**Supplied records**
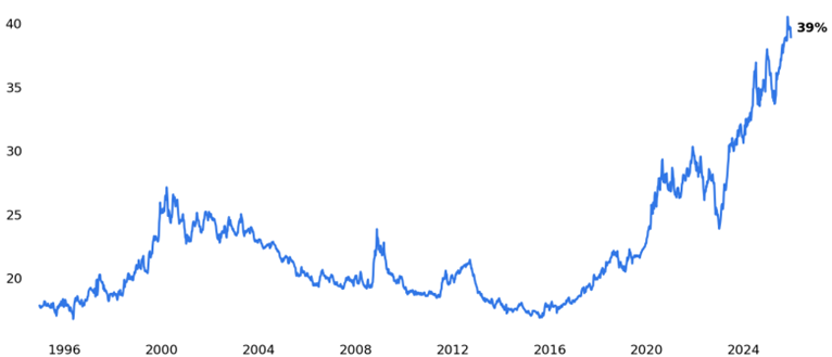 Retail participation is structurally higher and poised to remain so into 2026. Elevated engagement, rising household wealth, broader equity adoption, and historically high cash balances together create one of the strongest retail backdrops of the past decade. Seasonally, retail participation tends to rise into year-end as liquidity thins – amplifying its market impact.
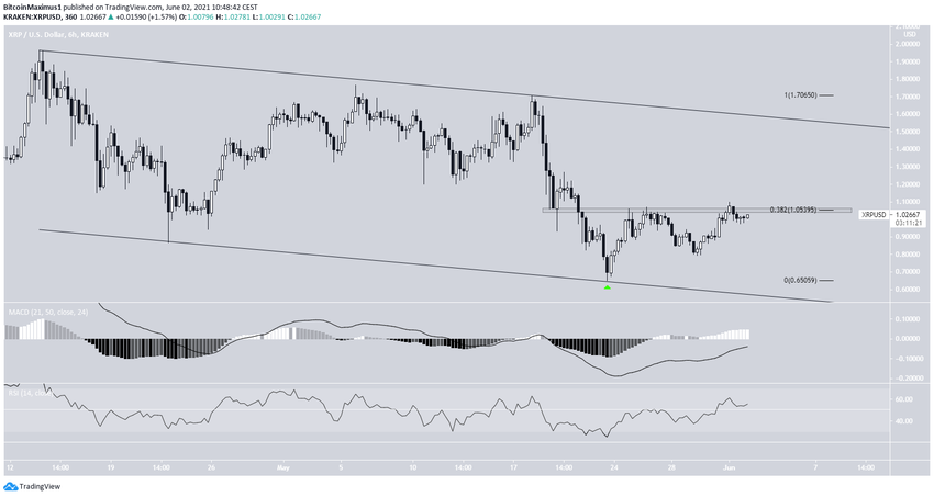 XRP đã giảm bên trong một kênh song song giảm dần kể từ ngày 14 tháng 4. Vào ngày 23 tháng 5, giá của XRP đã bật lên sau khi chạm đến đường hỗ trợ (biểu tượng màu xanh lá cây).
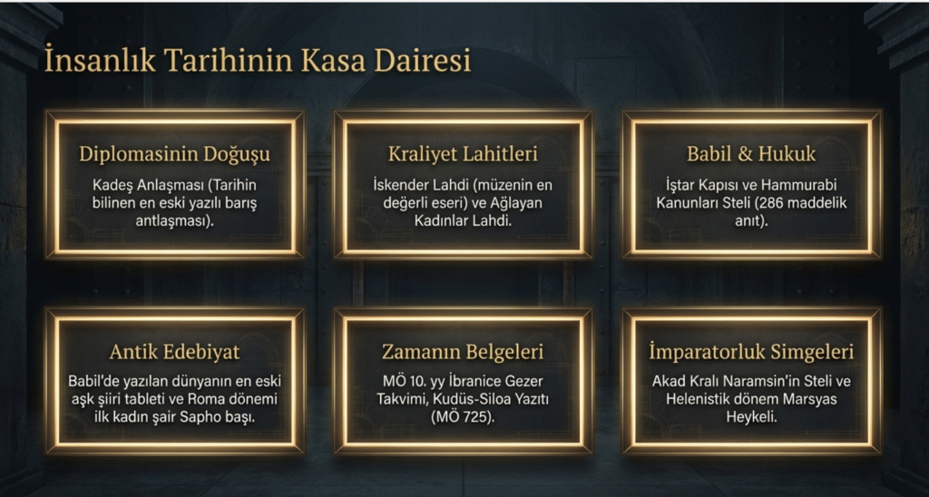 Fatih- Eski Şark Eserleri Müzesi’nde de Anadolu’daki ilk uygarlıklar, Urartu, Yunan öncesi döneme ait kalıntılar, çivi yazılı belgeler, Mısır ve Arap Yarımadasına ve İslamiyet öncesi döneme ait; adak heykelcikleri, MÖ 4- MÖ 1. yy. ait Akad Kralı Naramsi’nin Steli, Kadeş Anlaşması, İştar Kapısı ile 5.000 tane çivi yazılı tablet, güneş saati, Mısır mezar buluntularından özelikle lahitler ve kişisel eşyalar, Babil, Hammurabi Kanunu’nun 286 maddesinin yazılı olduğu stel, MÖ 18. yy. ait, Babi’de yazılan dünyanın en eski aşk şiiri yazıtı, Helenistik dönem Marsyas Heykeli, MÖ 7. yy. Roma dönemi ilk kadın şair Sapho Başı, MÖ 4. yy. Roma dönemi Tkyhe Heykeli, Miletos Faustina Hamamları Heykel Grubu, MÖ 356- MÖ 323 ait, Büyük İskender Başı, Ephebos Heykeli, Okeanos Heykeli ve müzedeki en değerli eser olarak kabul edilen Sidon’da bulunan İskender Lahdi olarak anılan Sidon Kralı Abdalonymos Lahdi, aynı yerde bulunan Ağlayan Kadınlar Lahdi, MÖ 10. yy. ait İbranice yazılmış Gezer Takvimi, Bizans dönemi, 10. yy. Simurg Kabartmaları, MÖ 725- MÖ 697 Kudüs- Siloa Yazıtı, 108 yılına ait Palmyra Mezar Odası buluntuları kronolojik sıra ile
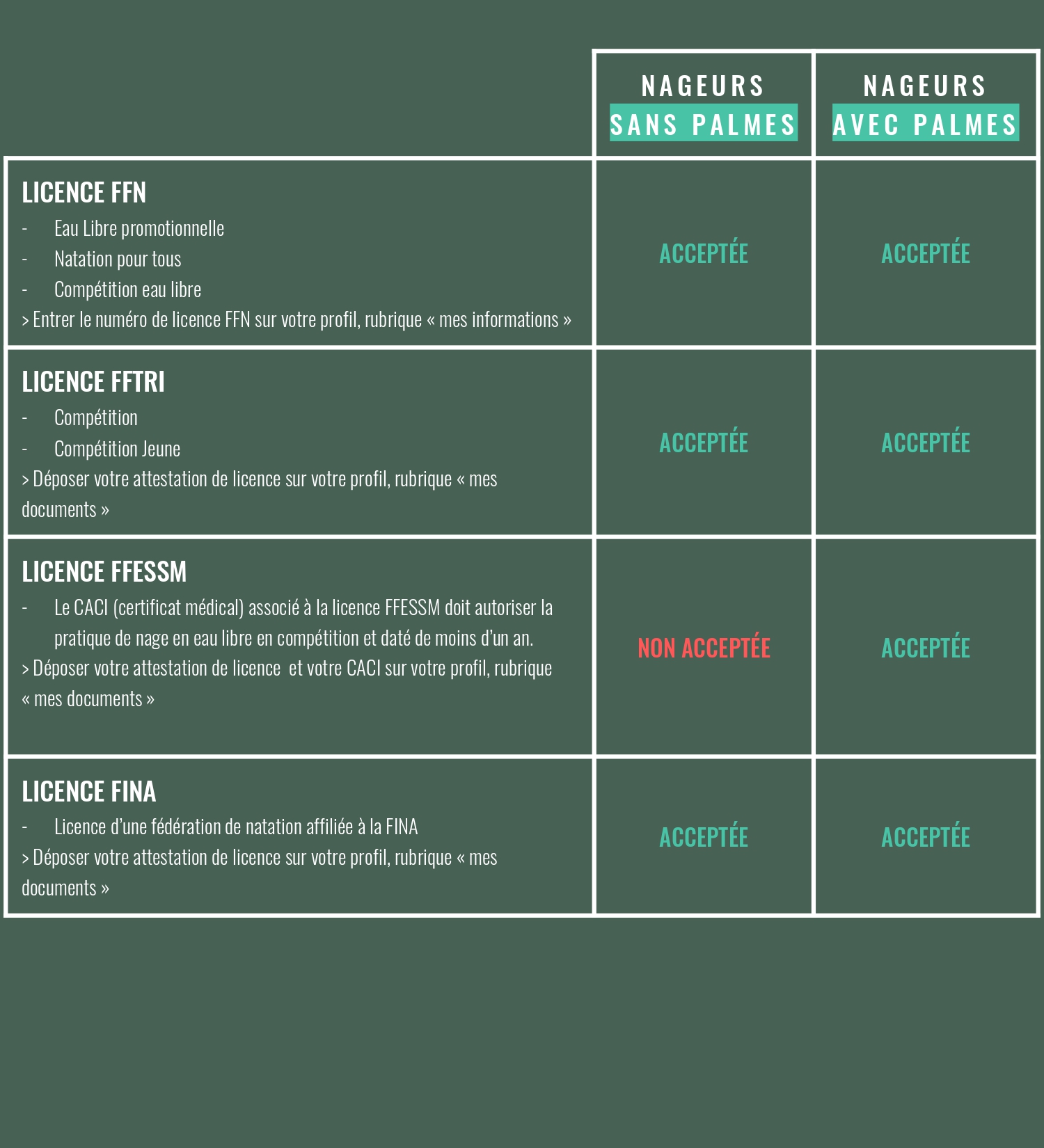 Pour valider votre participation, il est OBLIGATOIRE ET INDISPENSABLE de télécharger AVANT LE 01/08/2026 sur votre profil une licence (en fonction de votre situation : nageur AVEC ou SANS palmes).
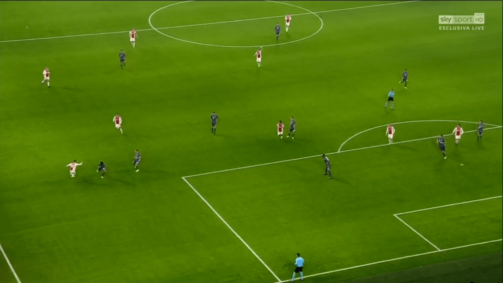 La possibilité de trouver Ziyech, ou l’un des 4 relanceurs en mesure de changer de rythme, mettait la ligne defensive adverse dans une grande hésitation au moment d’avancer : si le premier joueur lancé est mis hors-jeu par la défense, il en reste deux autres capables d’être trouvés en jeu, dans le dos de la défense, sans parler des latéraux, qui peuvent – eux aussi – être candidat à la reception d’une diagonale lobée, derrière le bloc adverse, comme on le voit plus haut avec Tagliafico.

**Task prompt**
Make an exact copy of the records from their first line through the line containing "Fatih- Eski Şark", both ends included, with the pictures omitted.

**Response**
 Retail participation is structurally higher and poised to remain so into 2026. Elevated engagement, rising household wealth, broader equity adoption, and historically high cash balances together create one of the strongest retail backdrops of the past decade. Seasonally, retail participation tends to rise into year-end as liquidity thins – amplifying its market impact.
 XRP đã giảm bên trong một kênh song song giảm dần kể từ ngày 14 tháng 4. Vào ngày 23 tháng 5, giá của XRP đã bật lên sau khi chạm đến đường hỗ trợ (biểu tượng màu xanh lá cây).
 Fatih- Eski Şark Eserleri Müzesi’nde de Anadolu’daki ilk uygarlıklar, Urartu, Yunan öncesi döneme ait kalıntılar, çivi yazılı belgeler, Mısır ve Arap Yarımadasına ve İslamiyet öncesi döneme ait; adak heykelcikleri, MÖ 4- MÖ 1. yy. ait Akad Kralı Naramsi’nin Steli, Kadeş Anlaşması, İştar Kapısı ile 5.000 tane çivi yazılı tablet, güneş saati, Mısır mezar buluntularından özelikle lahitler ve kişisel eşyalar, Babil, Hammurabi Kanunu’nun 286 maddesinin yazılı olduğu stel, MÖ 18. yy. ait, Babi’de yazılan dünyanın en eski aşk şiiri yazıtı, Helenistik dönem Marsyas Heykeli, MÖ 7. yy. Roma dönemi ilk kadın şair Sapho Başı, MÖ 4. yy. Roma dönemi Tkyhe Heykeli, Miletos Faustina Hamamları Heykel Grubu, MÖ 356- MÖ 323 ait, Büyük İskender Başı, Ephebos Heykeli, Okeanos Heykeli ve müzedeki en değerli eser olarak kabul edilen Sidon’da bulunan İskender Lahdi olarak anılan Sidon Kralı Abdalonymos Lahdi, aynı yerde bulunan Ağlayan Kadınlar Lahdi, MÖ 10. yy. ait İbranice yazılmış Gezer Takvimi, Bizans dönemi, 10. yy. Simurg Kabartmaları, MÖ 725- MÖ 697 Kudüs- Siloa Yazıtı, 108 yılına ait Palmyra Mezar Odası buluntuları kronolojik sıra ile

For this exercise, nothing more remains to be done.